Marking notes. 1 mark — correct derivative and reduction to e^(2x) = 4. 1 mark — exact x = ln 2 (not just x ≈ 0.693). 1 mark — exact min value 4 AND named test (second-derivative, with f''(x) > 0 stated).

2.1 — Extended response (7 marks): sample Band-6 response with annotations

Sample Band-6 response.

Part (a). Let u = 100x and v = e^(−0.05 x). Then u' = 100 and v' = −0.05 e^(−0.05 x). [1 mark]
By the product rule, R'(x) = 100 · e^(−0.05 x) + 100x · (−0.05 e^(−0.05 x)) = 100 e^(−0.05 x) · (1 − 0.05 x). [1 mark — factored]

Part (b). The factor 100 e^(−0.05 x) is strictly positive for all real x, so R'(x) = 0 if and only if 1 − 0.05 x = 0, i.e. x* = 20. [1 mark]
Using the second-derivative test: differentiate R'(x). With g(x) = 100 e^(−0.05 x)(1 − 0.05 x), g'(x) = 100 e^(−0.05 x) · ( −0.05(1 − 0.05x) − 0.05 ) = 100 e^(−0.05 x) · ( 0.0025 x − 0.1 ). At x = 20: g'(20) = 100 e^(−1) · (0.05 − 0.1) = −5/e < 0. So R''(20) < 0, confirming x* = 20 is a local maximum. [1 mark — test named and conclusion]

Part (c). R(20) = 100 · 20 · e^(−1) = 2000 / e (in thousands of dollars). [1 mark — exact]
Decimal: 2000 / 2.71828 ≈ 735.76 thousand ≈ $735 800 (to the nearest hundred dollars). [1 mark — rounded]

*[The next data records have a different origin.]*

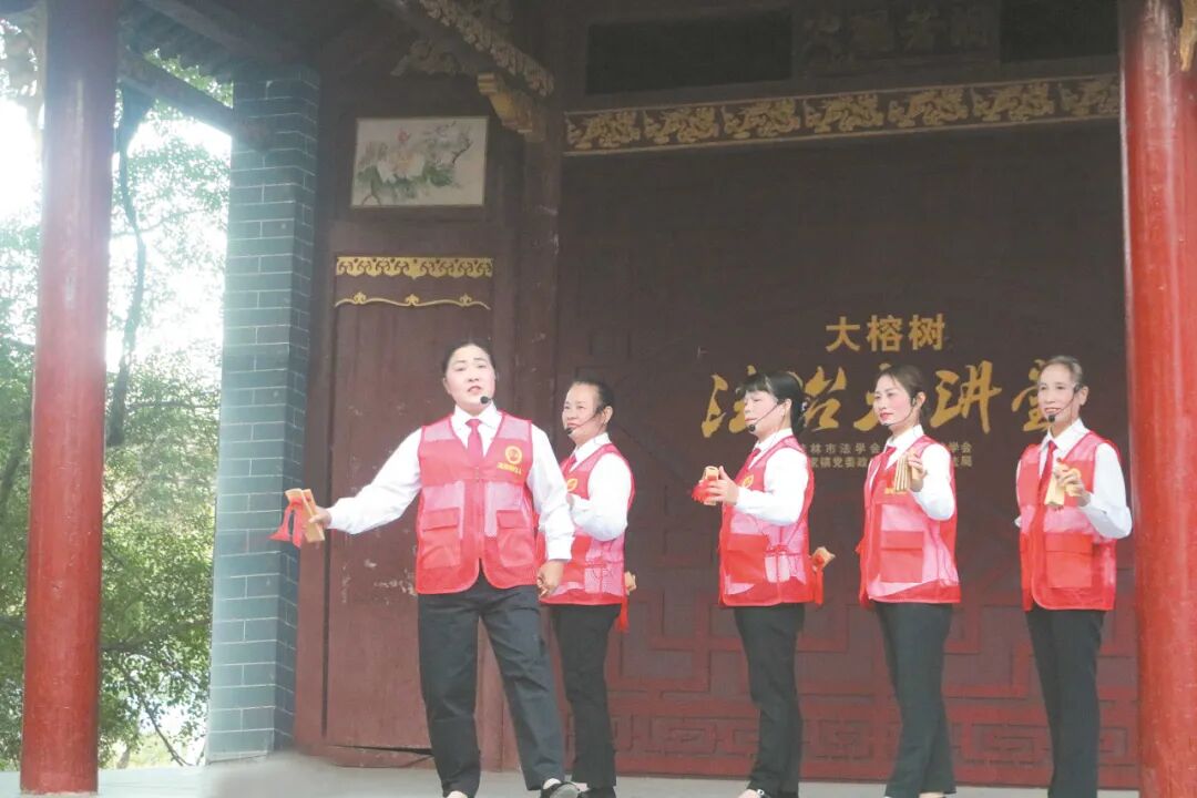 ▲平乐县张家镇榕津村由“法律明白人”组成的“大嫂子”法治宣传队,运用“法治三句半”进行法治宣传。自治区司法厅 供图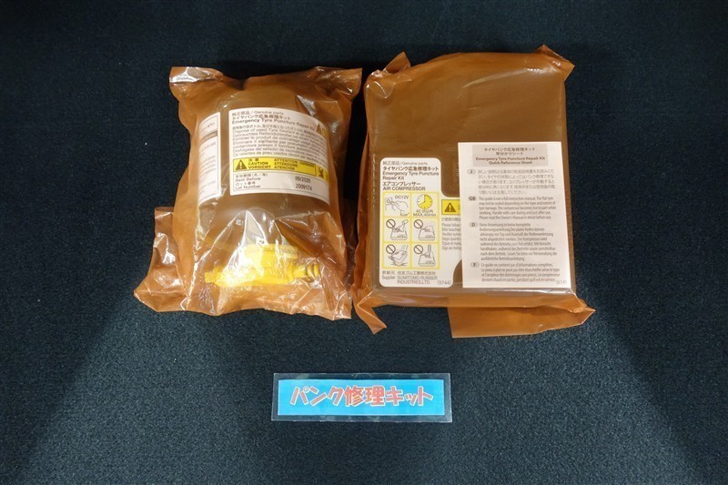 タイヤがパンクした時の応急修理キットです。スペアタイヤがないことにより軽量化でき環境にもいいです。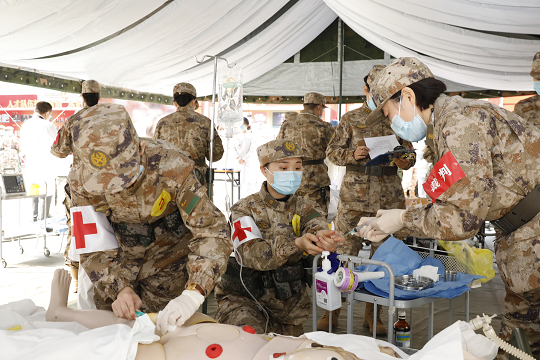據(jù)悉,中心護(hù)理部全年圍繞建立全域、全維戰(zhàn)創(chuàng)傷救治鏈條為目標(biāo),探索形成了一線戰(zhàn)傷救治的新理念、新標(biāo)準(zhǔn)和新模式,錘煉了護(hù)理人員“平時(shí)保健康,戰(zhàn)時(shí)保打贏”的過(guò)硬能力素質(zhì)。這次比武考核前,護(hù)理部收集各類戰(zhàn)場(chǎng)上的傷情數(shù)據(jù),研究現(xiàn)代戰(zhàn)爭(zhēng)傷情特點(diǎn),反復(fù)推敲設(shè)置標(biāo)準(zhǔn)化考場(chǎng),完善評(píng)分細(xì)則,模擬實(shí)戰(zhàn)救治的精心布設(shè)有力推動(dòng)了護(hù)理人員從專科到一線救治戰(zhàn)斗力的轉(zhuǎn)變,有效縮短了平戰(zhàn)轉(zhuǎn)換時(shí)間。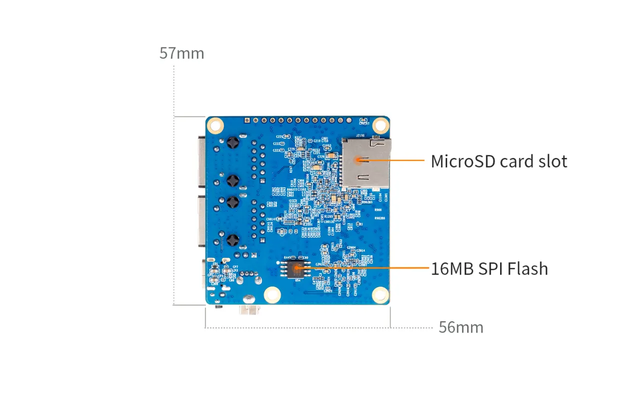 Плата оснащена двумя гигабитными Ethernet-портами, USB 2.0, слотом для TF-карты, 13-пиновым разъёмом, а также разъёмом для вентилятора.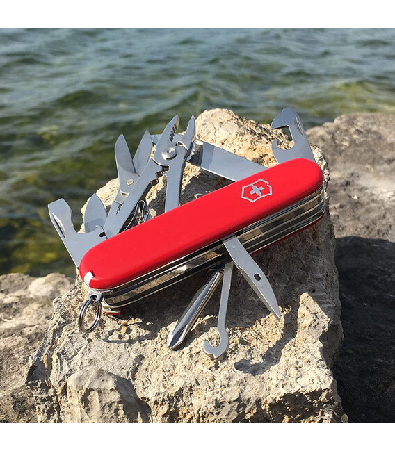 Victorinox DELUXE TINKER (красный) – швейцарский нож 91 мм на 17 функций. Представляет коллекцию средних складных ножей Victorinox. Среди прочего содержит комбинированные плоскогубцы, ножницы и отвертку Phillips. Deluxe Tinker подготовит вас к любой непредвиденной ситуации: вы всегда готовы отремонтировать и исправить что угодно. Все инструменты гарантируют безупречную, долговечную работу, не люфлят. Ножевой замок Slip-joint - это проверенная временем конструкция, которая фиксирует лезвие в положении к рукояти и надежно защищает от запрокидывания во время работы.Информация о ноже Victorinox DELUXE TINKER [1.4723]✔ Изготовлен из высококлассной нержавеющей стали.✔ Красные накладки-рукоять из ударопрочного пластика с логотипом бренда.✔ 17 функций.✔ Средний размера ножа Victorinox (длина х ширина х толщина), мм: 91 х 26 х 22✔ На нож распространяется пожизненная гарантия качества.✔ Картонная коробочка с оригинальным сертификатом.✔ Сделано в Швейцарии.1. большое стальное лезвие2 лезвие меньшего размера3. комбинированные плоскогубцы4. – кусачки для проволоки5. – инструмент для обжима проволоки6. ножницы с пружинным механизмом7. крестообразная отвертка 1/28. открывалка для бутылок9. – плоская отвертка 6 мм10. – паз для устранения изоляции11. открывалка для консервных банок12. – плоская отвертка 3 мм13. шило (дырокол)14. крючок15. пинцет в передней накладке16. зубочистка в задней накладке17. кольцо для крепления Все ножи Victorinox 91 мм с пластиковыми накладками имеют специальное отверстие под булавку в накладке возле штопоре (в комплектацию к данной модели булавка не входит и продается отдельно).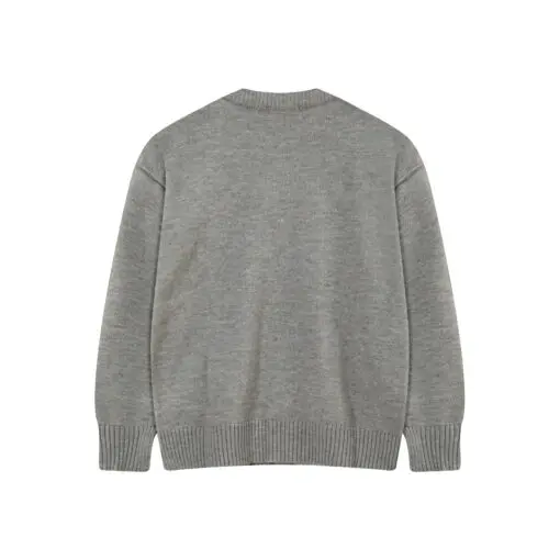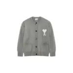 Ami Paris ADC Merino Heart Shaped Alpaca Blend Soft Cozy Knit Cardigan Round Neck Sweater Dark Gray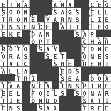 ACROSS 1. Inactive volcano in Sicily 5. Nanny (var.) 8. Corporate head (abbr.) 11. Within a short period 12. Settles 14. Pipe bend 15. Marketplace scale 17. Entertaining tales 18. Untruth 19. Core 21. Small island 22. Lion 23. Make supply last 24. One of the 12 tribes of Israel 25. Plant excrement 27. Choose 28. Burn to charcoal 31. Printing process, for short 35. Declare 37. Heavy book 38. Mouths or openings 39. Arrange properly for use 41. Singles 42. Baby powder 43. A female animal or person 45. Monthly bill 46. Silent film actress Nazimova 47. Begley and Asner 49. Three (prefix) 51. Ocean 52. ___ good deed 55. Federal power corp. 57. Teachers' org. 60. Heighten or intensify 62. Snakelike fish 63. Fencing necessities 65. Underwater navigation system 66. Make a knot 67. Southwest Nigerian state 68. Suttee (variant) 69. Followers of ems 70. Saxophone 71. Family _ (genealogy) DOWN 1. First name in cosmetics 2. Cod relative 3. Trap for birds or small mammals 4. Queen of England 1702-14 5. White ___ sheet 6. Hindu Mythology: god of death 7. Hindu god of fire 8. Portable communications device 9. Writer Wiesel 10. Butter sub 13. Fast planes 16. Inside; within (prefix) 17. Gossips 20. Balmoral and tarboosh 26. Thespian 29. So be it 30. State of inaction 31. Round or rotation of duties 32. Of the mouth 33. Baron Munchausen's specialties 34. Motion picture award 36. It is so 40. College paper 44. Locale of original sin 48. Backtalk 50. Information 52. Middle Eastern gold or silver currency 53. Speak pompously 54. Nest on high 55. False hair 56. Distinctive style or manner 58. Immeasurably long periods of time 59. Opera by Verdi 61. Mail 64. Brine-cured salmon

Part (d). R(18) = 100 · 18 · e^(−0.9) = 1800 · e^(−0.9) ≈ 1800 · 0.4066 ≈ 731.9 thousand.
Percentage of R(x*): R(18)/R(20) = 731.9 / 735.76 ≈ 0.9948, i.e. ≈ 99.5%. So R(18) is only about 0.5% less than R(20) — the revenue is not materially worth sacrificing the $2 cut to reach $18 (a half-percent gap). [1 mark]

Total: 7/7.

Band descriptors for marker.

Band 3: Computes R'(x) correctly but does not factor out e^(−0.05 x); finds x = 20 without justifying that the exponential is never zero; no classification test named; ≈ 2-3 marks.

Band 4: Correctly factors derivative; finds x* = 20 and states "max" with hand-waving; computes R(x*) as a decimal but no exact form; no part (d); ≈ 4-5 marks.

Band 5: Full algebra, exact value 2000/e quoted; classification test named (sign test or f''); part (d) attempted with rough comparison; ≈ 5-6 marks.

Band 6: Full algebra, "iff" reasoning in (b), exact + decimal values in (c), percentage comparison and clear business-style conclusion in (d). 7/7.